- [Work instructions]:
Transcribe exactly the lines below that begin at the line with "ジンギスカンってもやしとかキ" and stop after the line with "The rear deck", leaving out every picture.

#### Listed entries

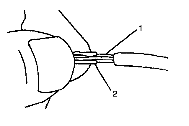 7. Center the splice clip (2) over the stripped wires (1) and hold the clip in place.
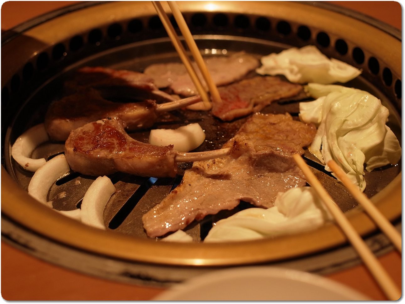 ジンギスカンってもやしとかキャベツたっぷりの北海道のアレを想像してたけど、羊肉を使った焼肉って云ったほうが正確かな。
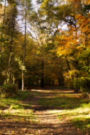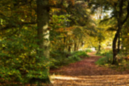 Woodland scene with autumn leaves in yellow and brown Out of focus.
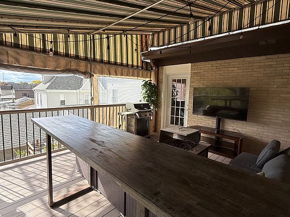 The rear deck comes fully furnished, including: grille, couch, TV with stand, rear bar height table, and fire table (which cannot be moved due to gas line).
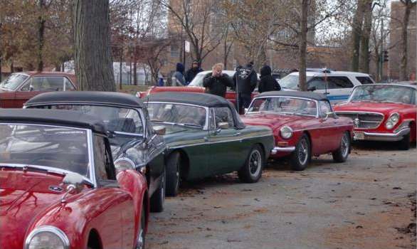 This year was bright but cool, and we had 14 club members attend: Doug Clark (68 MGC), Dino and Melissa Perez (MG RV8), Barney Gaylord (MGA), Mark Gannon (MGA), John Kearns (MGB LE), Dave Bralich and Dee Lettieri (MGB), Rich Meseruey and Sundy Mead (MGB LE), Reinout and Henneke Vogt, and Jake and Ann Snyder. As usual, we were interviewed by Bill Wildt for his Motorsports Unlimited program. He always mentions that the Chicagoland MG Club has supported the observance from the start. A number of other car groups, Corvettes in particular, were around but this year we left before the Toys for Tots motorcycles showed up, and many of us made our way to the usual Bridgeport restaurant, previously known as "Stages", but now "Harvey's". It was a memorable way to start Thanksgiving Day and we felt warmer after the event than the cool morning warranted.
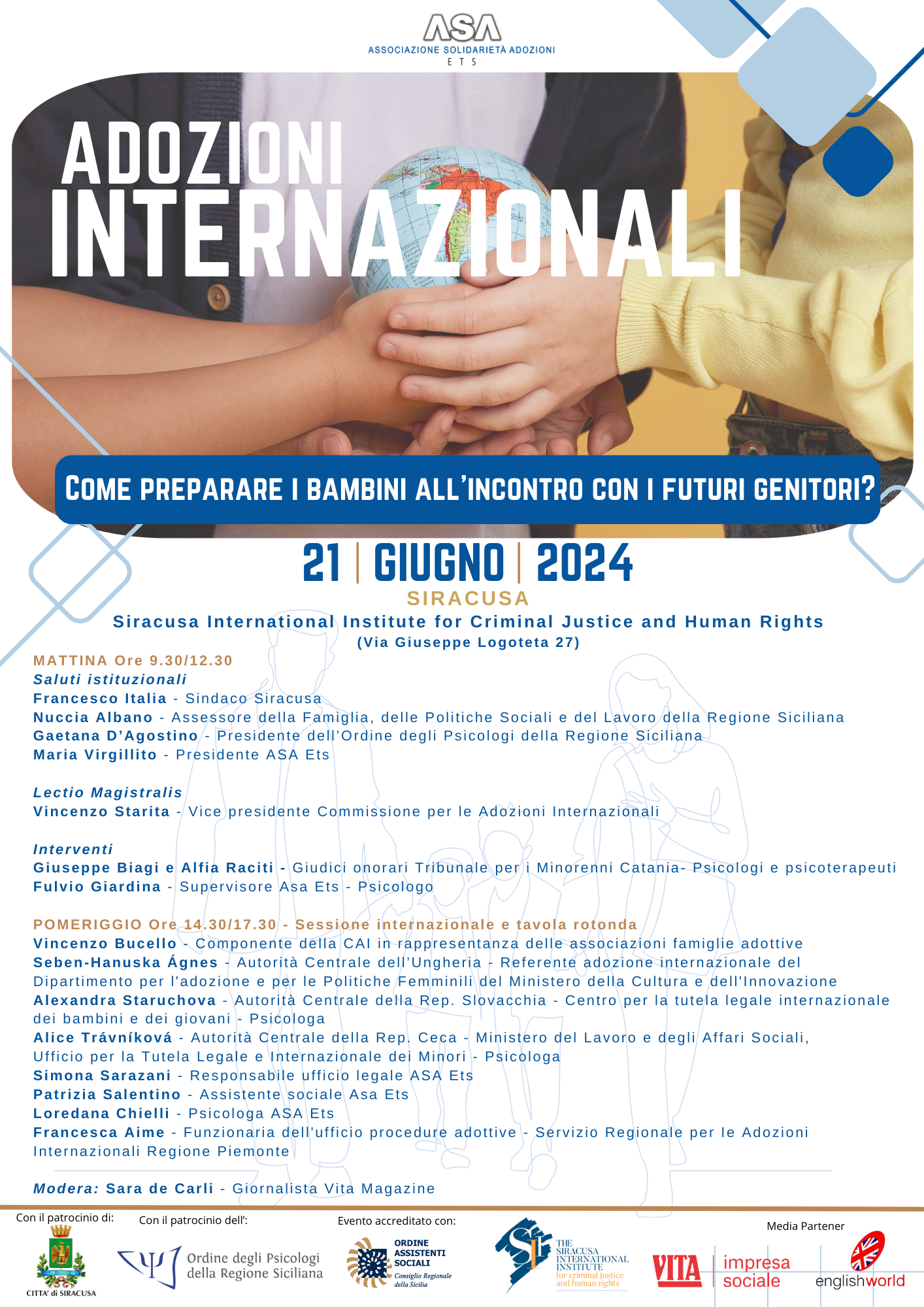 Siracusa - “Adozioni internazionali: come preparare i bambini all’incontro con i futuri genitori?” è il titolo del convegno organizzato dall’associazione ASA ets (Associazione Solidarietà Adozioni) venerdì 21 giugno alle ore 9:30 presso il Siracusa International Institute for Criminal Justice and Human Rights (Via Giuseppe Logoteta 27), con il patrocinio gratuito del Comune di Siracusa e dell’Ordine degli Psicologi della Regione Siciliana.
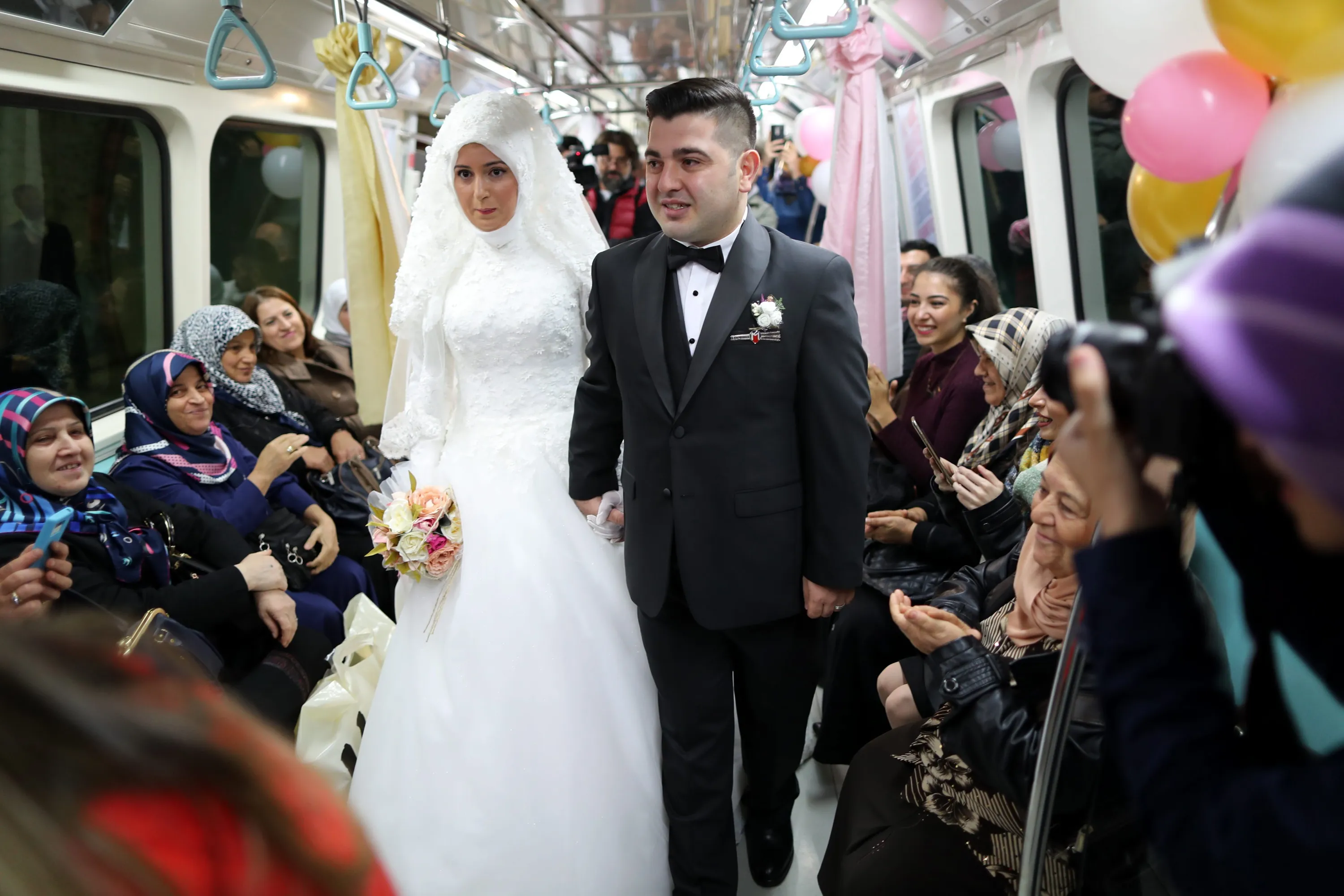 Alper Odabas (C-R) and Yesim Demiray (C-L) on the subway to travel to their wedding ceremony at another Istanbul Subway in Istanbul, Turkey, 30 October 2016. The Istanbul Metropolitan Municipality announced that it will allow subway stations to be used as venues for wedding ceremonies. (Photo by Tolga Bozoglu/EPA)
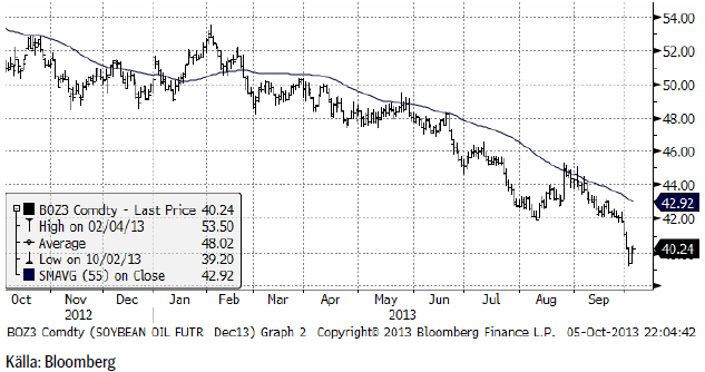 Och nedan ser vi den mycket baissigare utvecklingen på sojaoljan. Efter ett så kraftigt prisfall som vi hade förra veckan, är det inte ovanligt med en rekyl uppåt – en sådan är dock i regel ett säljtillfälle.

########
#### Listed entries

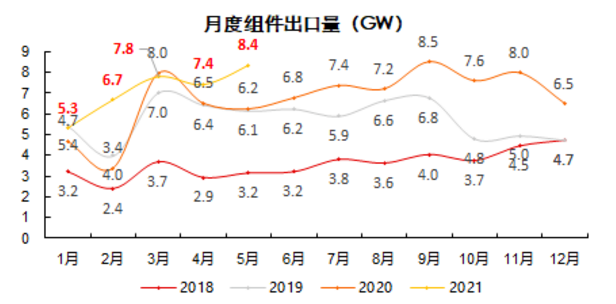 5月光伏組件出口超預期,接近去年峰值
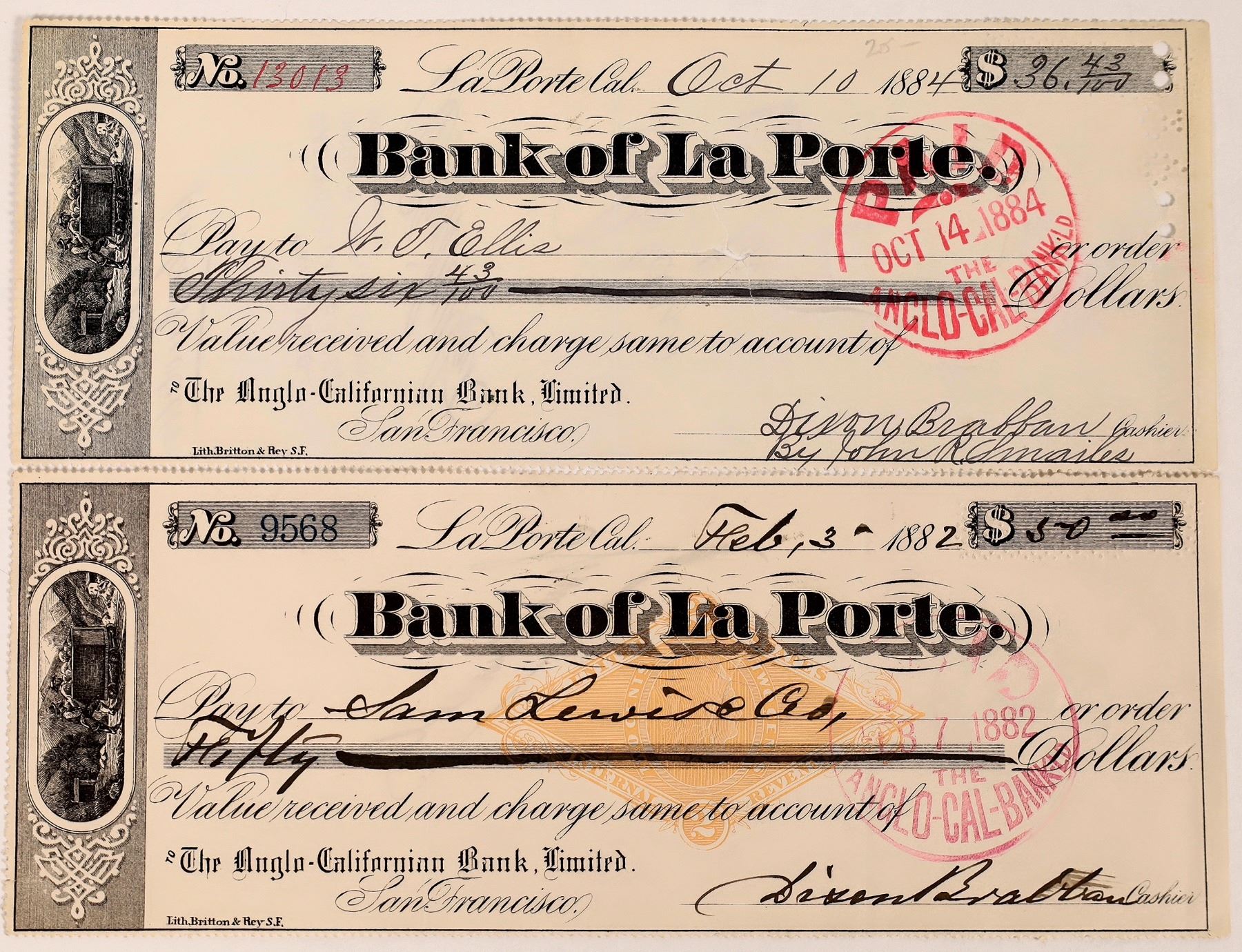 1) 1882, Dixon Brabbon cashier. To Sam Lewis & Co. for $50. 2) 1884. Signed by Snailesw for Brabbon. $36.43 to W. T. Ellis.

########

- [Response box]:
 ジンギスカンってもやしとかキャベツたっぷりの北海道のアレを想像してたけど、羊肉を使った焼肉って云ったほうが正確かな。
 Woodland scene with autumn leaves in yellow and brown Out of focus.
 The rear deck comes fully furnished, including: grille, couch, TV with stand, rear bar height table, and fire table (which cannot be moved due to gas line).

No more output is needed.